Instructions to follow: Retype all entries exactly, skipping pictures.

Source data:
- - - -
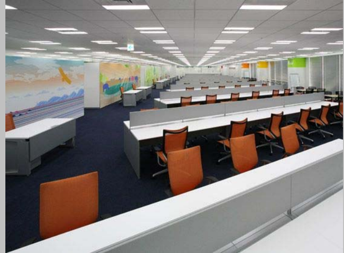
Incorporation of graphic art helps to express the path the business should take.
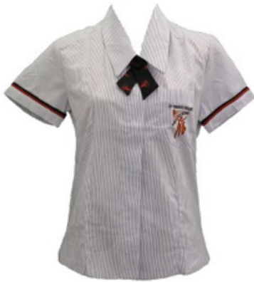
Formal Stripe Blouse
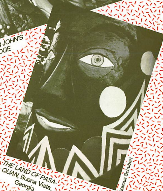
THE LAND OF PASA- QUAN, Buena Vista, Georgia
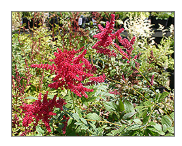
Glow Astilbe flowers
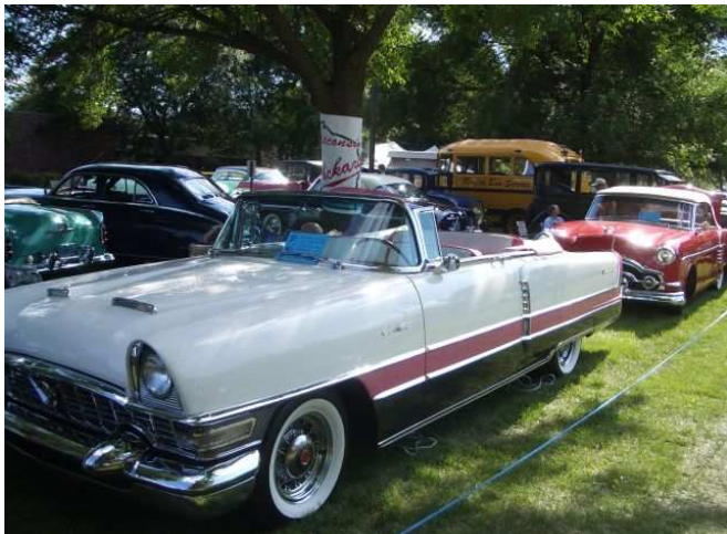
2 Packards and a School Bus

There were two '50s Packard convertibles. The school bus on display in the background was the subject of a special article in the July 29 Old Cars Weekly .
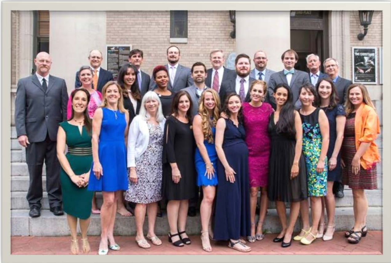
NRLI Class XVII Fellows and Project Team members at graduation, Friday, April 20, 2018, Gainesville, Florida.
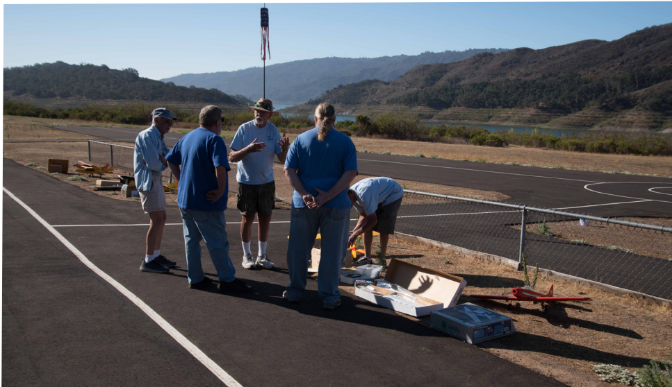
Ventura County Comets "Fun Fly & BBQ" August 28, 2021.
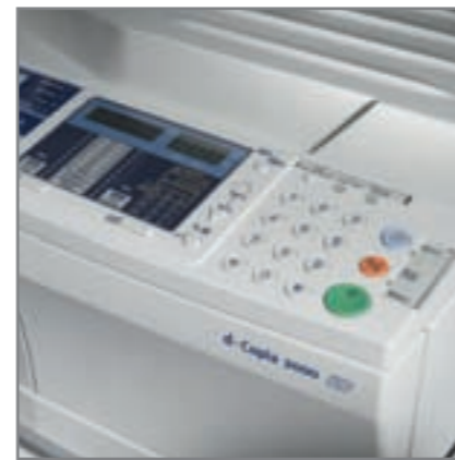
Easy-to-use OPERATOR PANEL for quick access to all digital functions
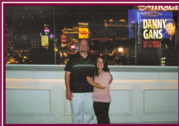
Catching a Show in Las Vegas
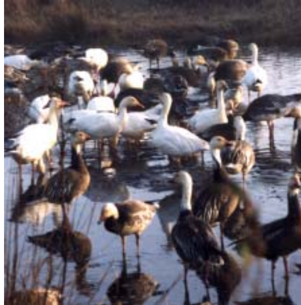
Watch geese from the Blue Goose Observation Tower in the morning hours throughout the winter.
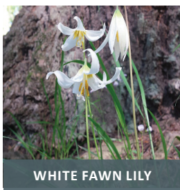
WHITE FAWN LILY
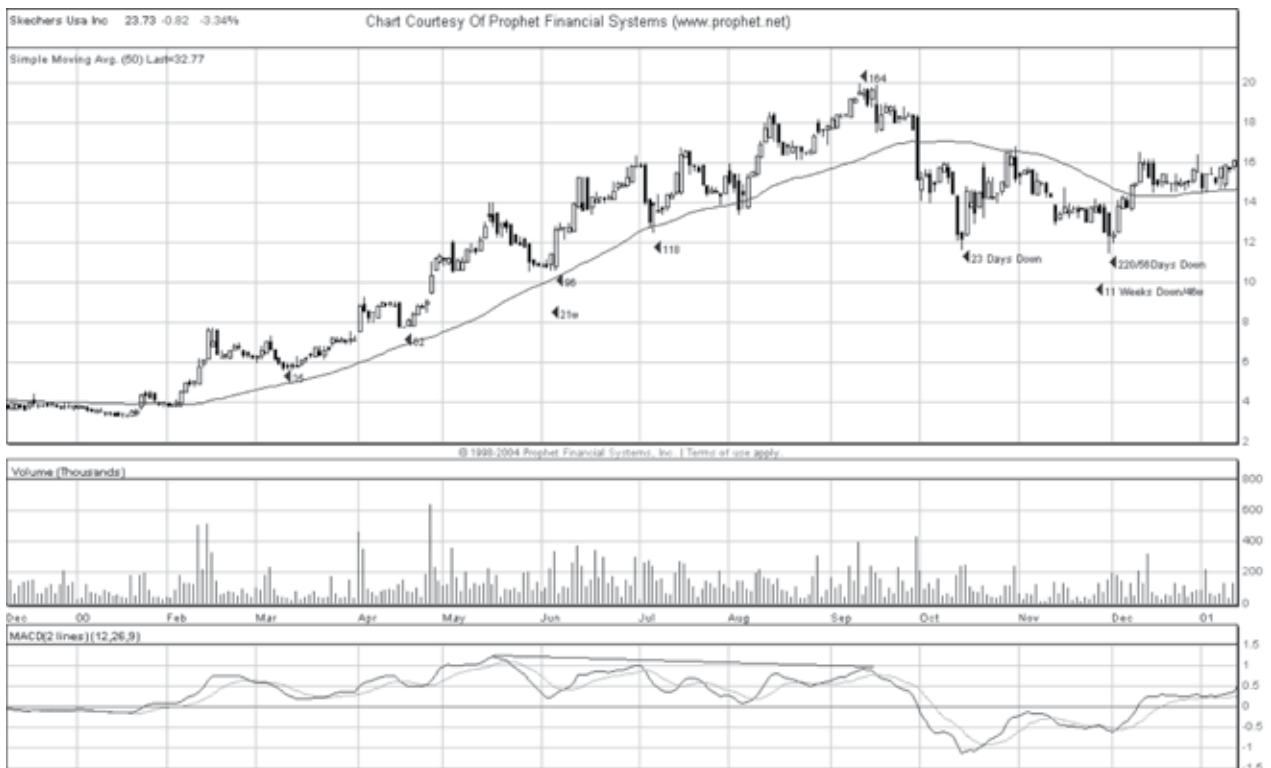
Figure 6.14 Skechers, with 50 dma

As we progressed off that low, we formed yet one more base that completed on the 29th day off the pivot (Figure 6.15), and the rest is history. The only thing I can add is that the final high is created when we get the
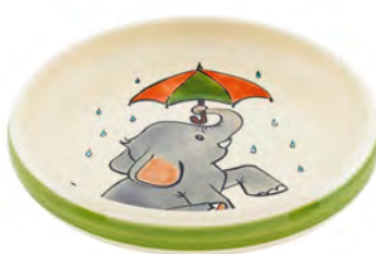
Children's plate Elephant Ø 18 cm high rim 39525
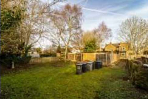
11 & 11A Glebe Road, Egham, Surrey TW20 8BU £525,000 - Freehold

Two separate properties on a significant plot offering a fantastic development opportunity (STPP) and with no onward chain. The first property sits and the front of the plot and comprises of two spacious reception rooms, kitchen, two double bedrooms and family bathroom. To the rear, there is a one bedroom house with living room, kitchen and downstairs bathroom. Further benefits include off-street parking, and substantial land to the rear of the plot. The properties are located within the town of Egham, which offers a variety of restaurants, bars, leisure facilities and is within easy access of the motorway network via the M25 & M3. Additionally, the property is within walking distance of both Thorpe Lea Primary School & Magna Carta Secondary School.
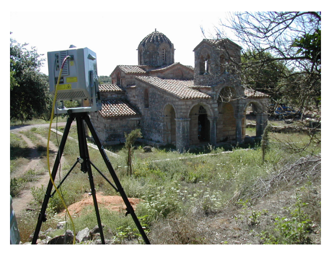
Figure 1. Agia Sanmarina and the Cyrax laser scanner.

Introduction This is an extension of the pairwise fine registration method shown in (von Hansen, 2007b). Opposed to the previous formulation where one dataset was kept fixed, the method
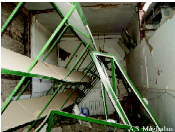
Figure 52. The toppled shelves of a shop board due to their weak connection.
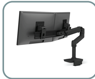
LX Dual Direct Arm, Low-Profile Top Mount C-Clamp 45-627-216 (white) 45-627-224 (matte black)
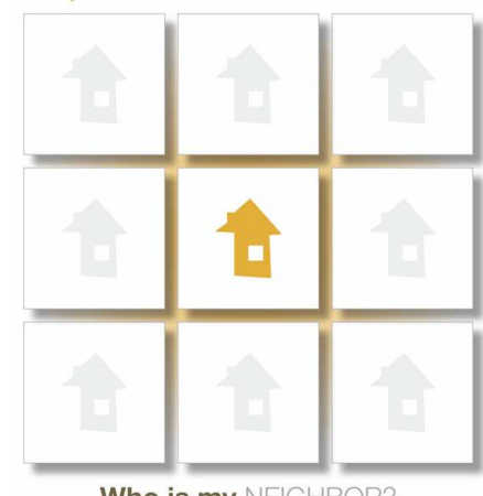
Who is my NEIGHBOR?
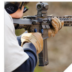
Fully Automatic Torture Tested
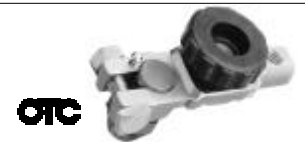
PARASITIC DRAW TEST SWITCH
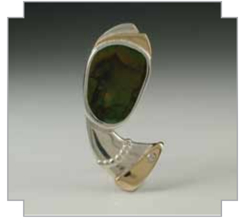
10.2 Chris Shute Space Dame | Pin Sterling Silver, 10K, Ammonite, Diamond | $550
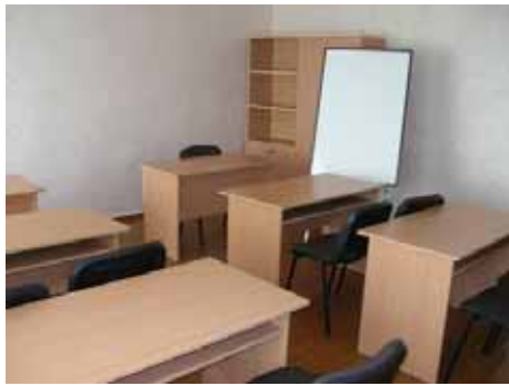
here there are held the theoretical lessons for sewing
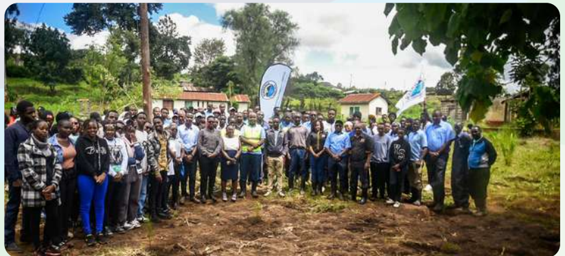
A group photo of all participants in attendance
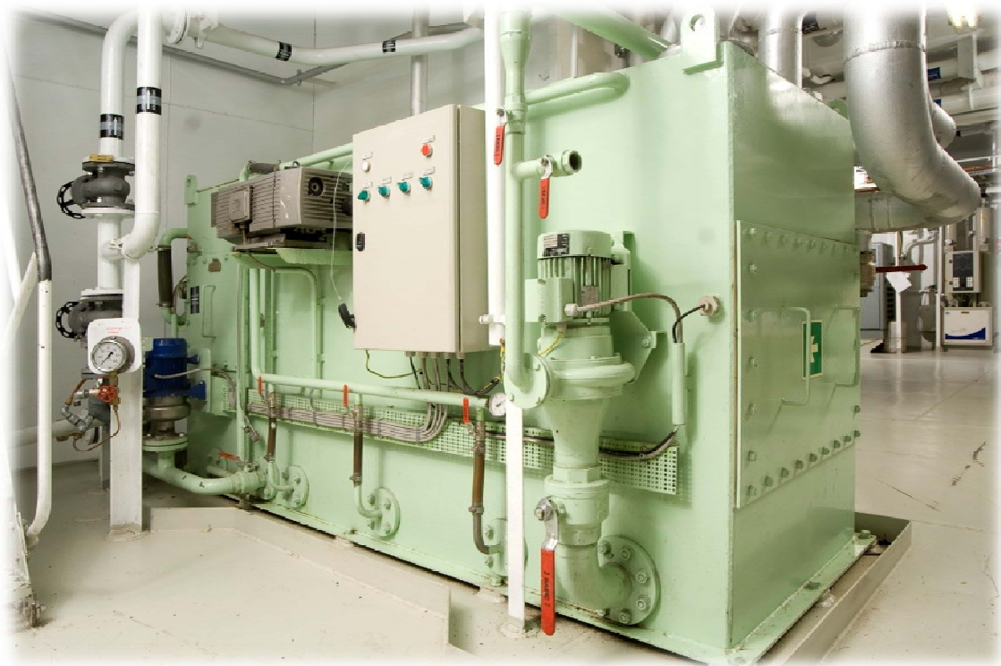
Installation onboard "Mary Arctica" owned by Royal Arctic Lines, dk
- - - -
Solved problem:
Incorporation of graphic art helps to express the path the business should take.
Formal Stripe Blouse
THE LAND OF PASA- QUAN, Buena Vista, Georgia
Glow Astilbe flowers
2 Packards and a School Bus

There were two '50s Packard convertibles. The school bus on display in the background was the subject of a special article in the July 29 Old Cars Weekly .
NRLI Class XVII Fellows and Project Team members at graduation, Friday, April 20, 2018, Gainesville, Florida.
Ventura County Comets "Fun Fly & BBQ" August 28, 2021.
Easy-to-use OPERATOR PANEL for quick access to all digital functions
Catching a Show in Las Vegas
Watch geese from the Blue Goose Observation Tower in the morning hours throughout the winter.
WHITE FAWN LILY
Figure 6.14 Skechers, with 50 dma

As we progressed off that low, we formed yet one more base that completed on the 29th day off the pivot (Figure 6.15), and the rest is history. The only thing I can add is that the final high is created when we get the
Children's plate Elephant Ø 18 cm high rim 39525
11 & 11A Glebe Road, Egham, Surrey TW20 8BU £525,000 - Freehold

Two separate properties on a significant plot offering a fantastic development opportunity (STPP) and with no onward chain. The first property sits and the front of the plot and comprises of two spacious reception rooms, kitchen, two double bedrooms and family bathroom. To the rear, there is a one bedroom house with living room, kitchen and downstairs bathroom. Further benefits include off-street parking, and substantial land to the rear of the plot. The properties are located within the town of Egham, which offers a variety of restaurants, bars, leisure facilities and is within easy access of the motorway network via the M25 & M3. Additionally, the property is within walking distance of both Thorpe Lea Primary School & Magna Carta Secondary School.
Figure 1. Agia Sanmarina and the Cyrax laser scanner.

Introduction This is an extension of the pairwise fine registration method shown in (von Hansen, 2007b). Opposed to the previous formulation where one dataset was kept fixed, the method
Figure 52. The toppled shelves of a shop board due to their weak connection.
LX Dual Direct Arm, Low-Profile Top Mount C-Clamp 45-627-216 (white) 45-627-224 (matte black)
Who is my NEIGHBOR?
Fully Automatic Torture Tested
PARASITIC DRAW TEST SWITCH
10.2 Chris Shute Space Dame | Pin Sterling Silver, 10K, Ammonite, Diamond | $550
here there are held the theoretical lessons for sewing
A group photo of all participants in attendance
Installation onboard "Mary Arctica" owned by Royal Arctic Lines, dk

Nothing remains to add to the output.